Extract and Mask Sensitive Data¶
Safely process logs containing PII, credentials, and sensitive information using masking, pseudonymization, and redaction techniques.
Problem¶
Your logs contain sensitive data like IP addresses, emails, credit card numbers, or personally identifiable information (PII). You need to analyze the logs while protecting sensitive information or comply with privacy regulations.
Solutions¶
Mask IP Addresses¶
Mask IP addresses to protect privacy while maintaining network analysis capabilities:
# Mask last octet (default)
kelora -j app.log \
-e 'e.client_ip = e.client_ip.mask_ip()'
# Mask last 2 octets for stronger anonymization
kelora -j app.log \
-e 'e.client_ip = e.client_ip.mask_ip(2)'
# Mask last 3 octets
kelora -j app.log \
-e 'e.client_ip = e.client_ip.mask_ip(3)'
Results:
192.168.1.100
withmask_ip(1)
becomes192.168.1.0
192.168.1.100
withmask_ip(2)
becomes192.168.0.0
192.168.1.100
withmask_ip(3)
becomes192.0.0.0
Generate Pseudonyms¶
Create consistent pseudonyms using domain separation (requires KELORA_SECRET
environment variable):
# Set secret for pseudonymization
export KELORA_SECRET="your-secret-key-here"

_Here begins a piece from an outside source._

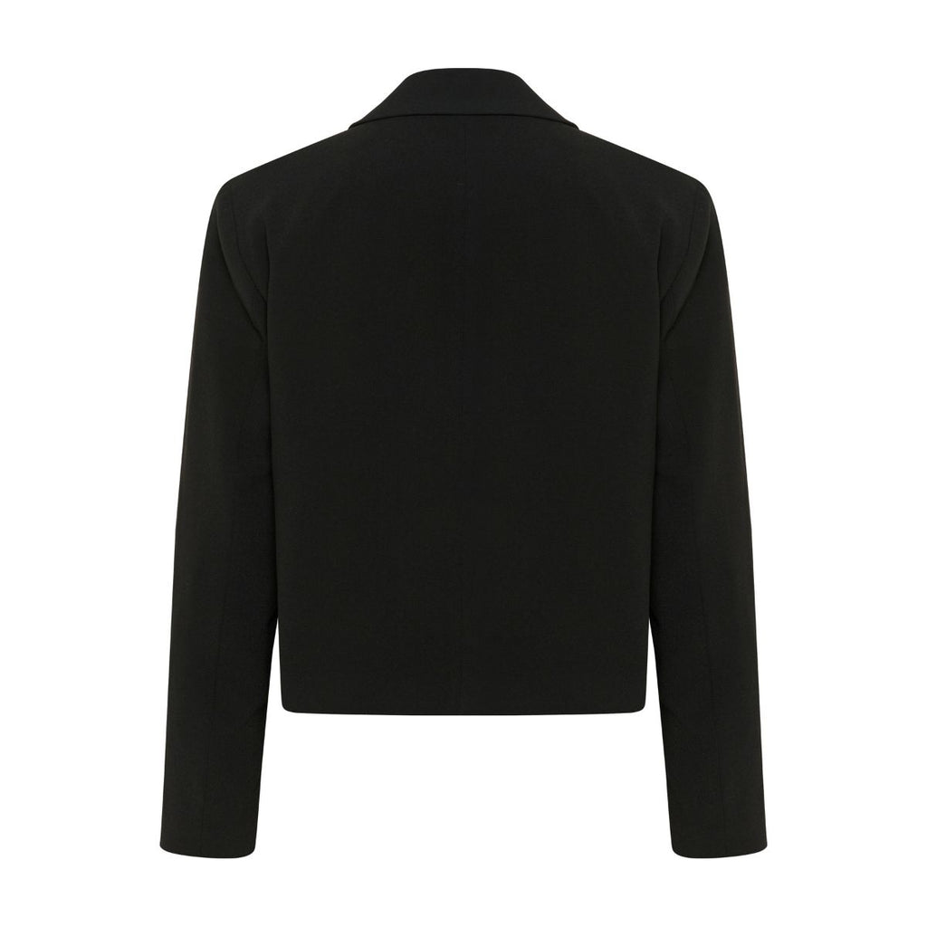 Kort sort blazer fra Kaffe. Lisa blazer er lavet i et lækkert blødt materiale, har almindelig revers, en enkelt knap og paspel lommer fortil. Den har snørrer detalje på ærmerne.

# Pseudonymize user emails
kelora -j users.log \
-e 'e.user_pseudo = pseudonym(e.email, "users")' \
-e 'e.email = ()'
# Pseudonymize with different domains
kelora -j app.log \
-e 'e.user_id = pseudonym(e.user_email, "users")' \
-e 'e.session_id = pseudonym(e.session_token, "sessions")' \
-e 'e.user_email = ()' \
-e 'e.session_token = ()'
Benefits:
- Same input always produces same pseudonym (consistency)
- Different domains produce different pseudonyms (separation)
- Cannot reverse back to original (one-way)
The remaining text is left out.